I think some addition to the LOCKING part of visibilitymap.c's header 
explaining some of what you wrote in your email might be a good start.
I would also suggest explictly mentioning that its ok to have the 
visibilitymap and the page disagreeing about the visibility if its the 
visibility map that think that the page contains invisible data but not the 
other way round (I think that can currently happen).

visibilitymap_test() should explain that its results can be outdated if youre 
not holding a buffer lock.

> visibilitymap_test() does have a comment saying that:
> 
>         /*
>          * We don't need to lock the page, as we're only looking at a
> single bit.
>          */
Oh. I conveniently skipped that comment in my brain ;)

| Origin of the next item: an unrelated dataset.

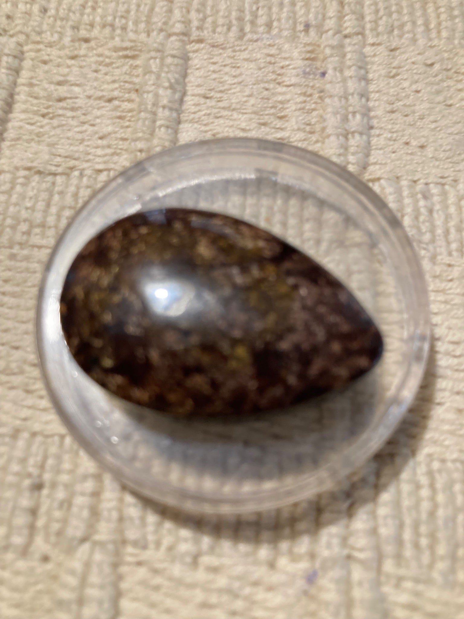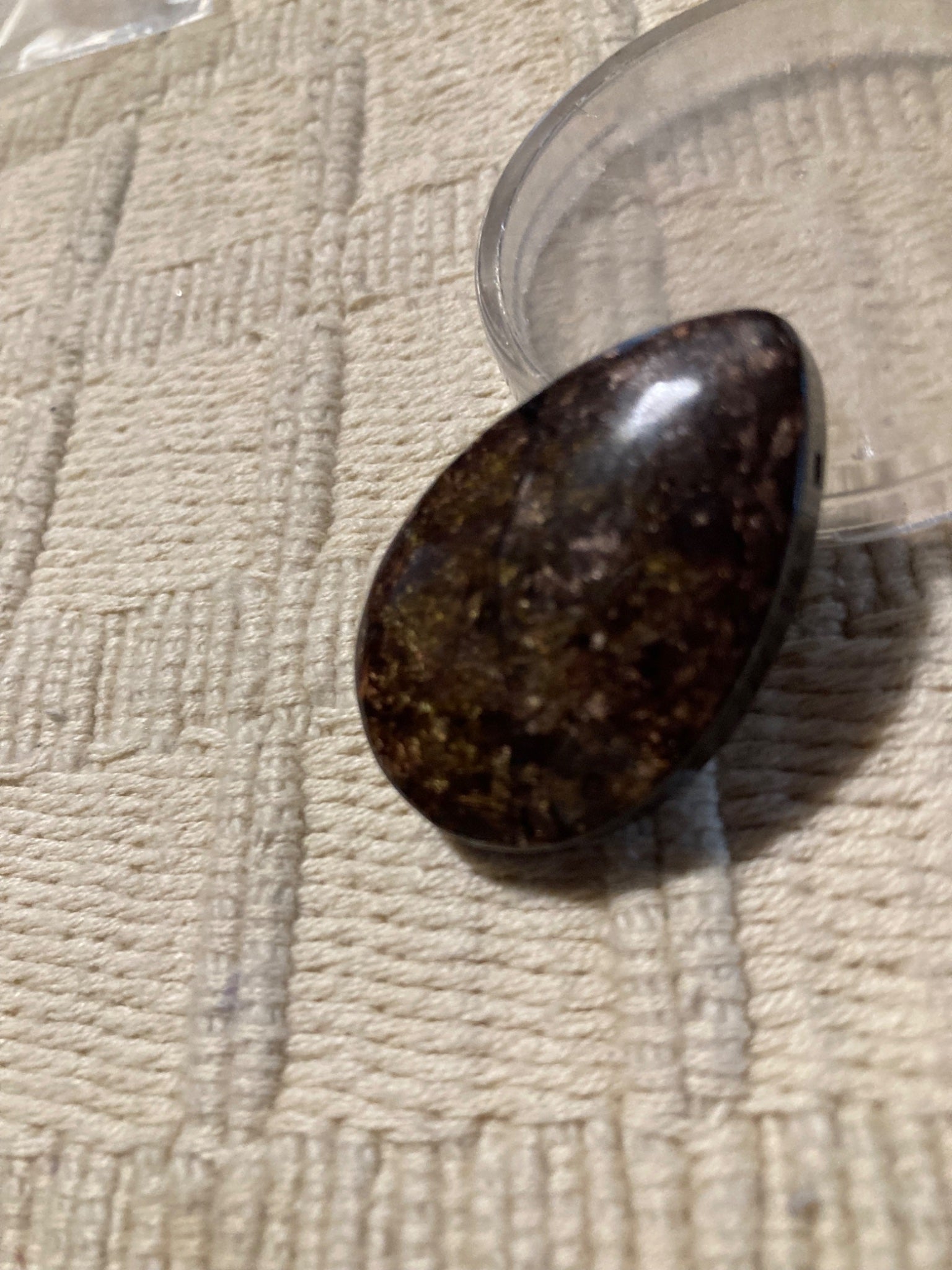 This bronzite teardrop focal bead is rich in color and very reflective. 23mm x 35mm, top drilled.

> But that's a bit unsatisfying, because, as you say, it doesn't address
> the question of memory-ordering issues.  I think that there's no
> situation in which it causes a problem to see the visibility map bit
> as unset when in reality it has just recently been set by some other
> back-end.  It would be bad if someone did something like:
> 
> if (visibilitymap_test(...))
>     visibilitymap_clear();
> 
> ...because then memory-ordering issues could cause us to accidentally
> fail to clear the bit.   No one should be doing that, though; the
> relevant locking and conditional logic is built directly into
> visibilitymap_clear().
Then _test should document that... I don't think its impossible that we will 
grow more uses of the visibilitymap logic.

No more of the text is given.